主体性が育まれ、県内4番目のHACCP取得も現場の社員が主導。

 原氏を中心に始まった組織改革は社内全体に浸透し、今では若手社員が率先して職場環境の改善やスキルアップに取り組む。愛媛県内で4番目に取得したHACCPもコンサルタント無しで一から全員で衛生管理に取り組んだ証だ。花見や食事会、バーベキューなどのイベントも社員が主体で企画し、強制ではないもののほぼ全員が参加する。
 2008年に原氏を中心につくった経営理念には「私たちは豆を通して美味しさの感動、健康のよろこびを、心からの満足を提供することを使命とします!」とある。
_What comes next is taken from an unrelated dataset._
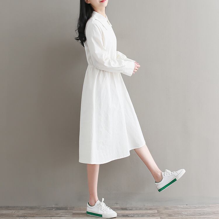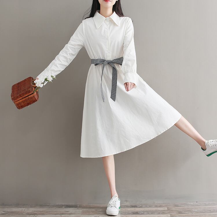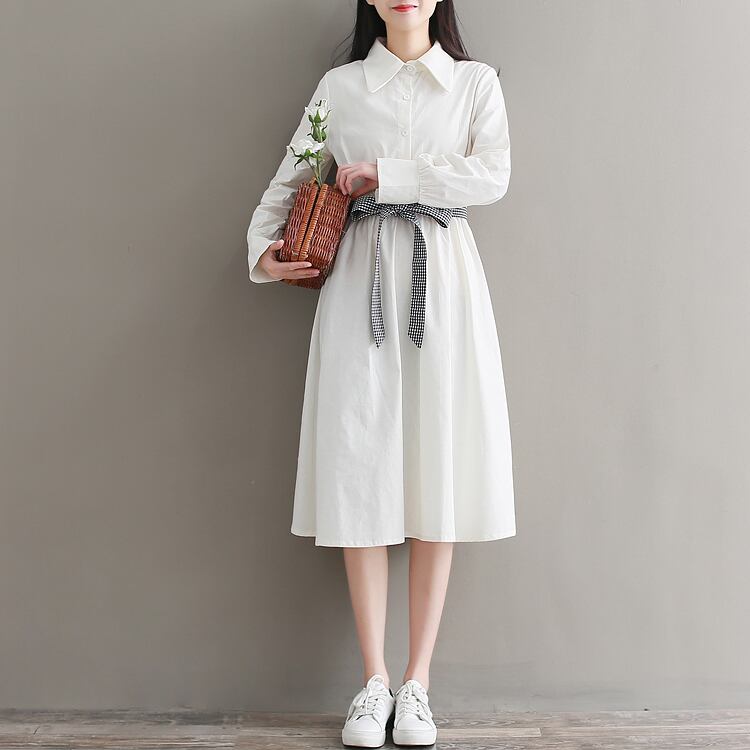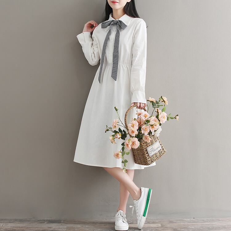 送料無料୨♥୧ eseプレッピースタイルレディースホワイトドレス 断るカラーコットンベスティドス長袖スリーブ格子柄リボン甘いの AOS35321652498

笑顔溢れる活気ある職場には、小さな豆一粒一粒に大きな想いを込める社員たちの姿がある。

本社に併設の直営店舗には、同社オリジナルの製品が並ぶ

味の良さと品質の高さで評判の豆製品。ラインアップは増え続けている

細かな加減等は、熟練の職人の手によるものも大きい

会社はこう変わった

プロジェクトチームで開発した商品を市場投入。直営店もオープン。 組織改革をはじめて約10年。「良い会社だから」と知人を紹介し、親子や兄弟、友達同士で働く社員が多数現れた。全社を挙げての商品開発では、氷砂糖で上質な甘さに仕上げた煮豆や、サラダに加える「五色まめ」など新たなジャンルを開拓し市場に投入。業績アップにつながっている。さらに消費者ともっと近くで触れ合いたいと、 工場横に「まめや」という直販店をオープンした。 「もっと志賀商店の名前を世の中に知って欲しい」社員たちが抱いた思いは、少しずつ現実のものとなっている。

今すぐできるはじめの一歩! 1.挨拶や清掃など、人として組織として「当たり前なこと」を日々着実にこなすことを推奨しましょう。
2.朝礼などにおいて、周囲の仲間や家族などへの感謝の気持ちを言葉にし、「感謝力」を養いましょう。
3.部署の垣根を超えて、現場の社員が主体的に考えるプロジェクトチームや委員会をつくりましょう。

企業データ

企業名:株式会社志賀商店
住 所:愛媛県西条市今在家921番地
創 業:1951年
設 立:1981年 
従業員数: 71名(正社員37名、2013年11月現在)
http://www.shiga-mame.co.jp
【事業内容】
豆製品の製造、直営店の運営

※本記事内容、データにつきましては、取材時(2014年1月)の情報です。